CANBERRA - A subsidiary of Australia's Reserve Bank has been accused of bribing foreign central bank officials and offering to supply prostitutes in a bid to win contracts for its polymer banknotes.
The allegations were made on ABC television last night by a key witness in a long-running Federal Police investigation into the international operations of Securency, which provides the polymer base for high security paper currency.
Its products are used for all Australian banknotes and for the currencies of almost 30 other countries, including New Zealand, whose notes are printed by sister RBA company Note Printing Australia.
The allegations have renewed calls by Greens Leader Bob Brown for an inquiry by the Senate economics committee, a proposal voted down by both main parties when it was raised last year.
"I call on Prime Minister Kevin Rudd and Opposition Leader Tony Abbott to stop blocking repeated Greens' moves for parliamentary scrutiny of these serious allegations," Brown said yesterday.
"The parliamentary cover-up by Canberra should end."
The Government said at the time of the earlier claims that the issue was one for the independent Reserve Bank, and yesterday declined comments on the allegations raised on the current affairs programme Four Corners last night after an investigation by the ABC and Melbourne's Age newspaper.
"Any allegation of bribery is serious and concerning, but there is a Federal Police investigation and it would be improper for me as a Government minister to comment while there's an investigation ongoing," Financial Services Minister Chris Bowen told Sky News.
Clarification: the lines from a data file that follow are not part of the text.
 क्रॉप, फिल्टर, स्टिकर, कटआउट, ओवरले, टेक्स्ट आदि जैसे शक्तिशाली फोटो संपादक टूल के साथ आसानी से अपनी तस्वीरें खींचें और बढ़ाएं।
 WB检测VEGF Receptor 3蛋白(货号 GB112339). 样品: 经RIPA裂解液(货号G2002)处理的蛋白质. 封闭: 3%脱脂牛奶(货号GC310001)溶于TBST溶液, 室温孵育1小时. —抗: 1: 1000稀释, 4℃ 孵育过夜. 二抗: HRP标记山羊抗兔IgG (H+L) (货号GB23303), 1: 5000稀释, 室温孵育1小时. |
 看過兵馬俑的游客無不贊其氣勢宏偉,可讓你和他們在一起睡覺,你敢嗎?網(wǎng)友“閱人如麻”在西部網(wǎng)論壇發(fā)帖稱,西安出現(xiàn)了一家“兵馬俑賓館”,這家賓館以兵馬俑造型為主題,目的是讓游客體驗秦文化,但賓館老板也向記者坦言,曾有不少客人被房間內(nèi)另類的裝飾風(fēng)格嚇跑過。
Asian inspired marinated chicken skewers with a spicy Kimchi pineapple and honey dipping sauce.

Last year the Age reported that Securency had moved millions of dollars in commissions to bank accounts in offshore tax havens and other locations in its efforts to win international contracts for its polymer notes.
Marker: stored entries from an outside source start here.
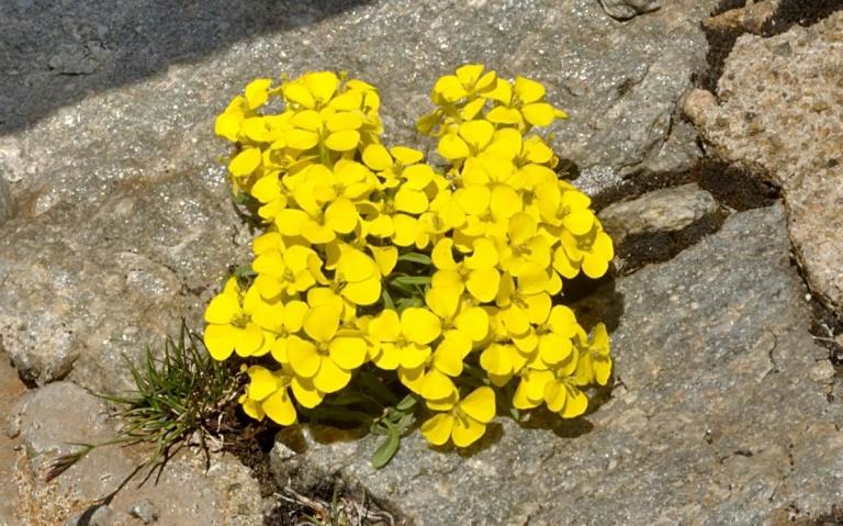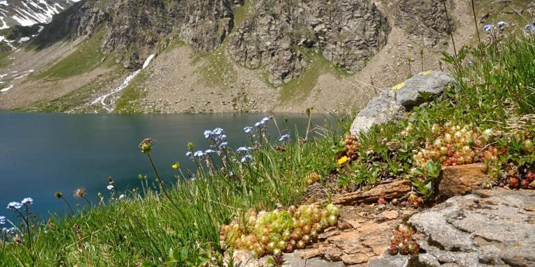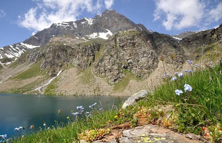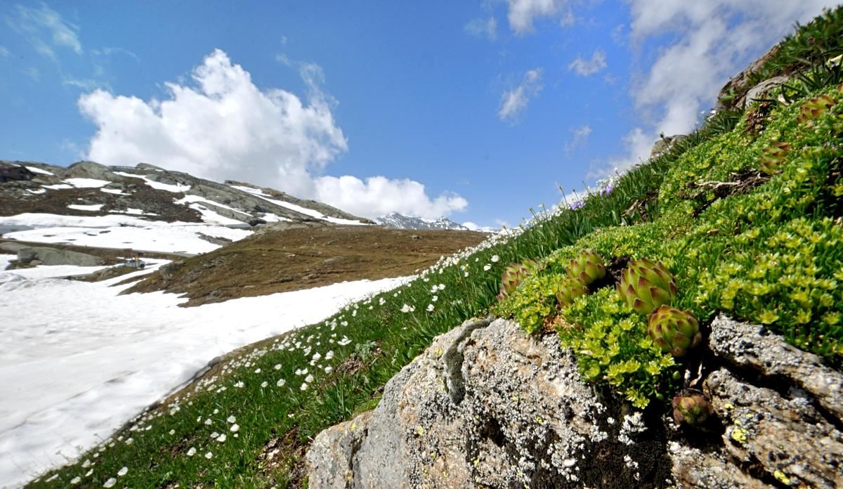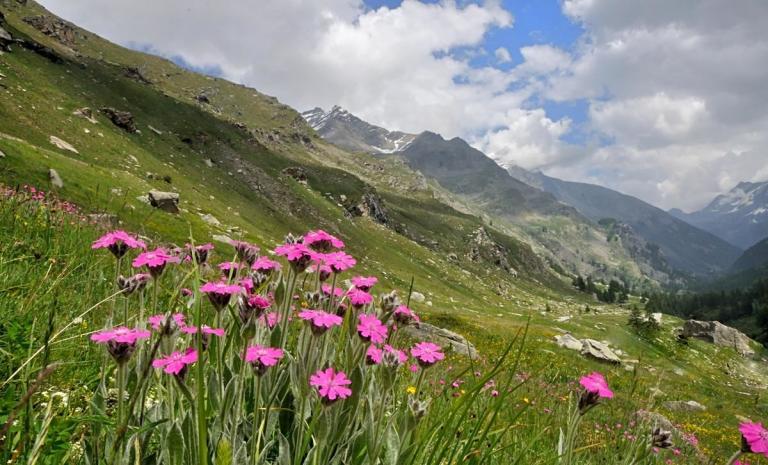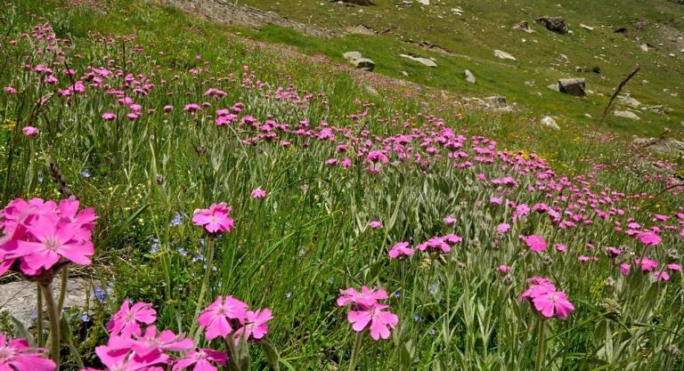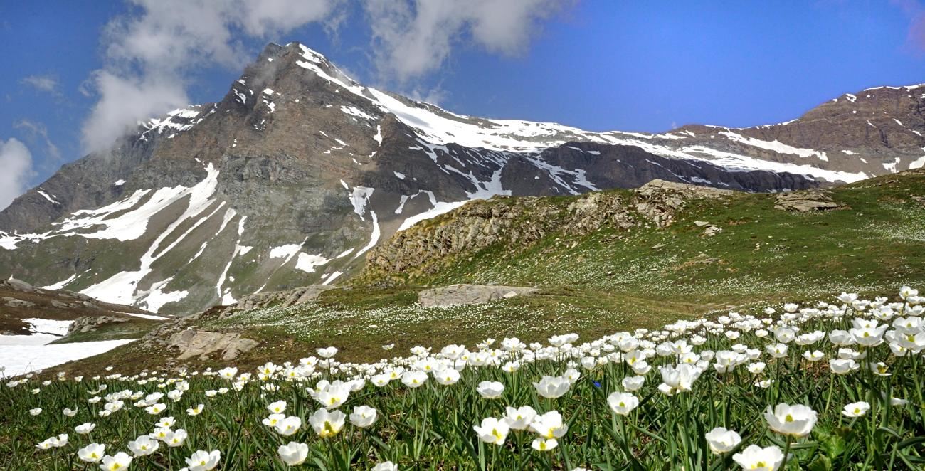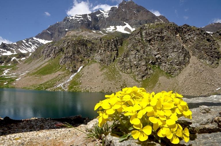 Die Berghänge des Colle del Nivolet sind mit den leuchtenden Blüten des Küpfer's Hahnenfuß (Ranunculus kuepferi) übersät. Imposant erhebt sich im Hintergrund der majestätische Berg La Grivola, der mit 3969 m der zweithöchste Gipfel der Grajischen Alpen ist. Der Nationalpark Gran Paradiso, dessen Name "Großes Paradies" bedeutet, ist in der Tat ein wahrhaftiges Paradies für Pflanzen, Tiere und Naturliebhaber.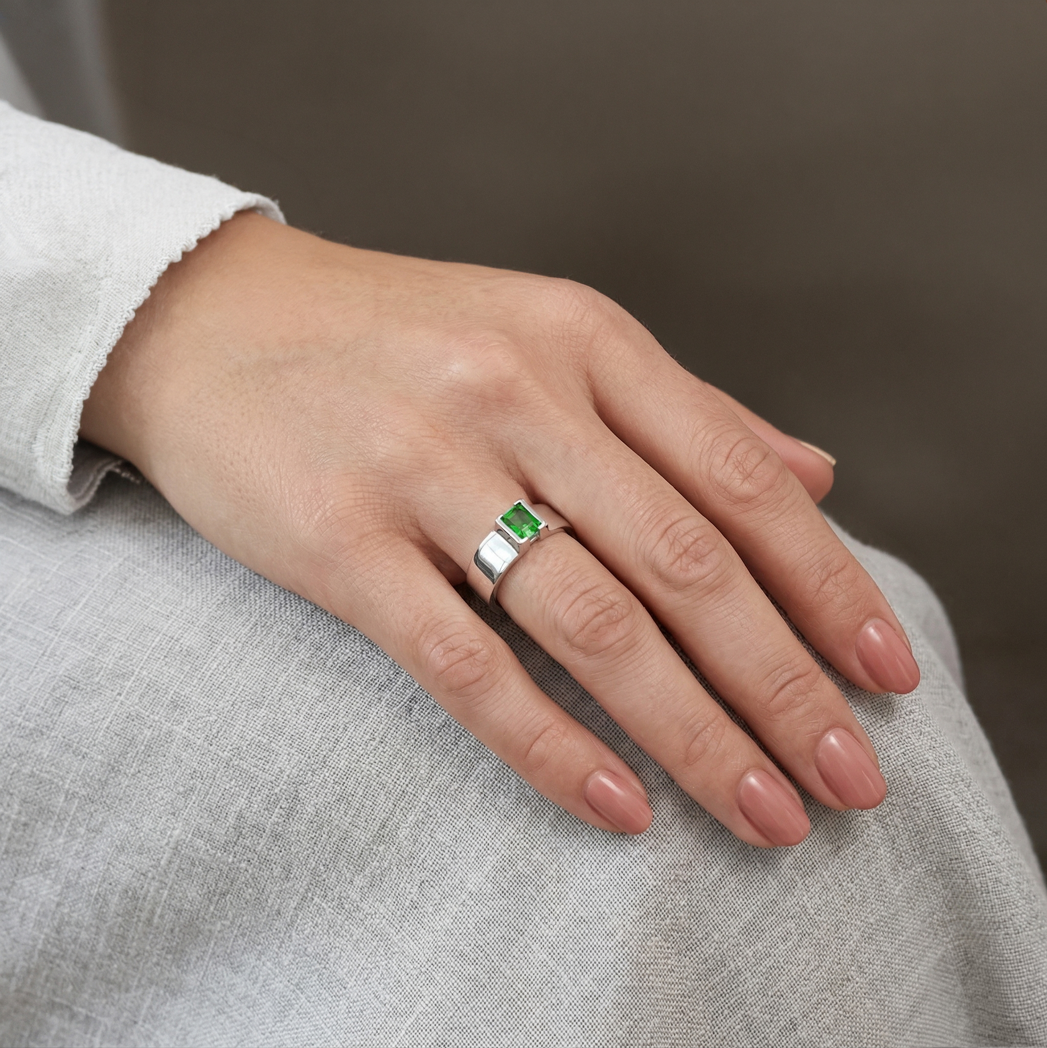 Main Stone: Natural Green Obsidian (Rectangular cut, 0.87 CT)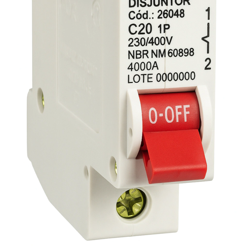 O disjuntor suporta tensões de 230V a 400V e frequências de 50/60Hz.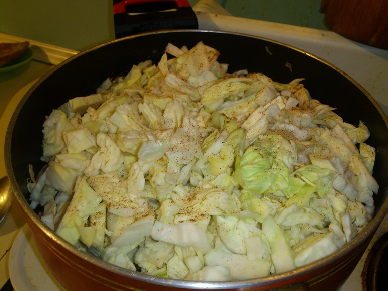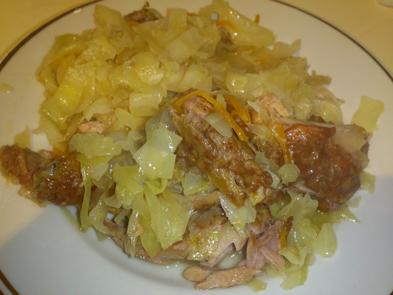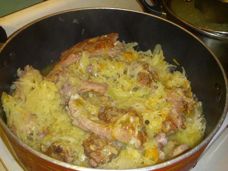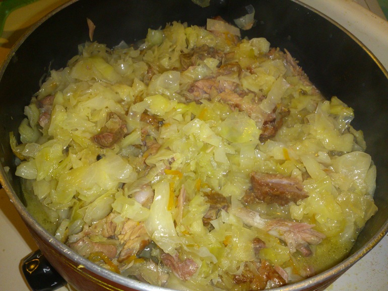 Потушить до полуготовности, добавив воды. Положить немного квашенной капусты и потушить:

The company allegedly used suspect middlemen to secure deals in Asia, Africa and Latin America, several of whom had been involved in previous corruption scandals.
One had admitted reckless trading linked to fraud involved in the collapse of a large South African company, and another - who had also worked as an arms broker - had been dismissed by Note Printing Australia after an internal inquiry raised integrity concerns, the Age reported.
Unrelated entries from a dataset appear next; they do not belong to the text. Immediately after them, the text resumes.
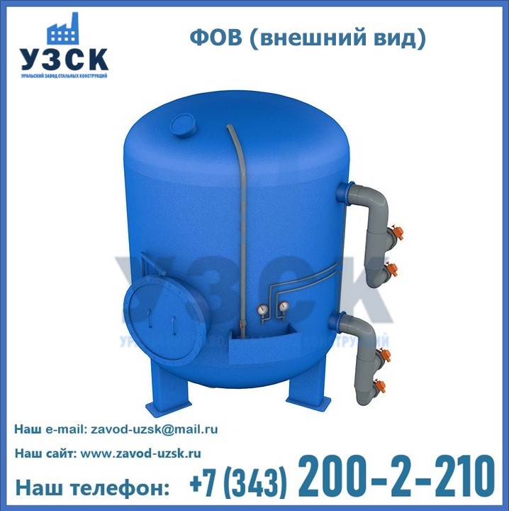 Удаление взвешенных веществ различного уровня дисперсности из рабочих жидкостей эффективно проводит фильтр осветлительный типа ФОВ (скорый или механический) — вертикально-цилиндрической формы установка, разработанная для систем водоподготовки различного класса. Оборудование представляет собой однокамерный агрегат для очистки воды рекомендованный для применения на станциях очистки стоков, в коммунальных котельных, на ТЭЦ, в промышленных отопительных системах и пр. Заказать производство ФОВ фильтров предлагает наш Уральский завод стальных конструкций в Сарани. У нас можно купить фильтрационное оборудование различного класса и типа, в том числе фильтры ФОВ из нержавеющей стали.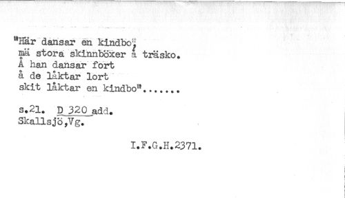 //// * ' " "" - .......T -- ... - --- //// "Har dansar en kindbci //// mä stora skinnböxer a ti^sko. //// A han dansar fort //// å de Liktar lort //// skit låktar en kindbo"....... //// s+21. D 320 add. //// Skallsjö Jg. //// I.F.G.H.2371. //// i //// ! //// ! //// ! ////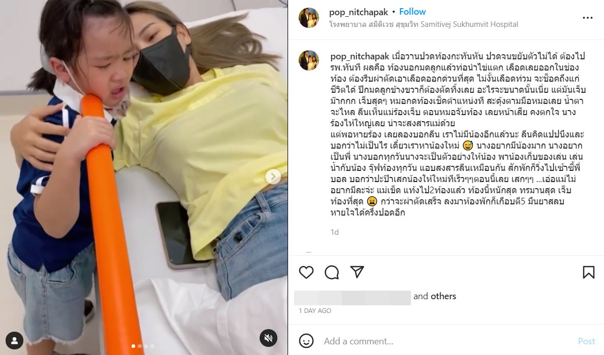 "เมื่อวานปวดท้องกะทันหัน ปวดจนขยับตัวไม่ได้ ต้องไป รพ. ทันที ผลคือ ท้องนอกมดลูกแล้วท่อนำไข่แตก เลือดเลยออกในช่องท้อง ต้องรีบผ่าตัดเอาเลือดออกด่วนที่สุด ไม่งั้นเลือดท่วม จะช็อกถึงแก่ชีวิตได้ ปีกมดลูกข้างขวาก็ต้องตัดทิ้งเลย อะไรจะขนาดนั้นเนี่ย แต่มันเจ็บม๊ากกก เจ็บสุด ๆ หมอกดท้องเช็กตำแหน่งที สะดุ้งตามมือหมอเลย น้ำตาจะไหล ลีนเห็นแม่ร้องเจ็บ ตอนหมอจับท้อง เลยหน้าเสีย คงตกใจ นางร้องไห้ใหญ่เลย น่าจะสงสารแม่ด้วย

In last night's Four Corners programme, the Federal Police inquiry witness, a Securency employee, said he had been told by one of the company's middlemen that an Asian central bank governor was to be bribed.
A diary given by the witness to the Federal Police recorded the middleman as saying in 2007 that the "governor would be very happy if the commission [payment] was increased".
The witness also said that he had been told by a senior Securency manager to arrange an Asian prostitute for a visiting foreign central bank governor.
"[I was told that] next time that this official was in town that I was to procure him a bodyguard, and with raised eyebrows and a wink ... a particular type of bodyguard being an Asian woman," the witness said.
"He was suggesting I might like to procure a prostitute for one of the central bank officials on his visit to Melbourne." The witness said he had not provided a prostitute, but he believed other employees had.
A 2008 diary entry said that a consultant working in Asia for the overseas trade agency Austrade had told the witness that to win contracts Securency needed to hire someone to bribe officials, an allegation Austrade confirmed had been passed to the Australian ambassador in the country concerned, the Age reported.
Austrade said the report had never been brought specifically to its attention and that the agency had never endorsed bribery.
Malaysian Opposition Leader Anwar Ibrahim, and Nigerian central bank governor Lamido Sanusi, also told Four Corners that Canberra needed to reveal how far the bribery scandal reached.